Wednesday, January 13, 2010

Corn, Inputs, Pollution -- Filmmakers do Good by Big River and King Corn

Curt Ellis is in Spokane, Jan. 19, 2010 at SCC and Community Builiding -- he's on, 92.3 FM, 2-3 Tuesday, Jan. 13, and then rebroadcast Friday, 1 to 2. That's Paul Haeder's Tipping Points: Voices from the Edge. His film, King Corn, with Ian Cheney as co-editor and co-producer, has won a Peabody Award.

There is another movie that follows the downstream affects of industrial corn, called, Big River. That's at SCC, next week, Jan. 19. Curt's in town too.

Here's something about King Corn -- which is about Ian and Curt going to Iowa and buying an acre and seeing all the ins and outs of the American 70 million acre corn industry.

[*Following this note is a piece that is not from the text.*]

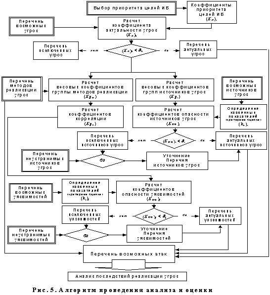 Сам подход к анализу и оценке состояния безопасности информации основывается на вычислении весовых коэффициентов опасности для источников угроз и уязвимостей, сравнения этих коэффициентов с заранее заданным критерием и последовательном сокращении (исключении) полного перечня возможных источников угроз и уязвимостей до минимально актуального для конкретного объекта.

Inputs for Ian and Curt’s One-Acre Farm:

· 5.4 tons of eroded topsoil (Iowa average per latest NRCS Natural Resources Inventory)
· 130 pounds Anhydrous Ammonia (injected as fertilizer)
· 1.5 pints Guardsman Max herbicide (dimethenamid-P and atrazine for weed control)
· 3 gallons 18-46-0 liquid starter fertilizer (nitrogen-phosphorus-potassium for germination)
· 2 ounces Regent insecticide (fipronil for planting-time pest control)
· 3 gallons liquid So-il Cal calcium supplement (for stabilizing nitrogen and nutrient uptake)
· 1 pound Atrazine herbicide (for weed control)
· 1.25 pints Landoil additive (for emulsification and stabilization of chemicals)
· 20 ounces Liberty herbicide (glufosinate for application to GMO LibertyLink corn)

Pesticide and Herbicide Facts:

· The incidence of Non-Hodgkin’s lymphoma has more than doubled since the 1970s (Mayo)
· More than 70 million lbs of Atrazine are applied annually; 75% of corn crop is treated (EPA)
· 33 million Americans have been exposed to Atrazine in drinking water (NY Times)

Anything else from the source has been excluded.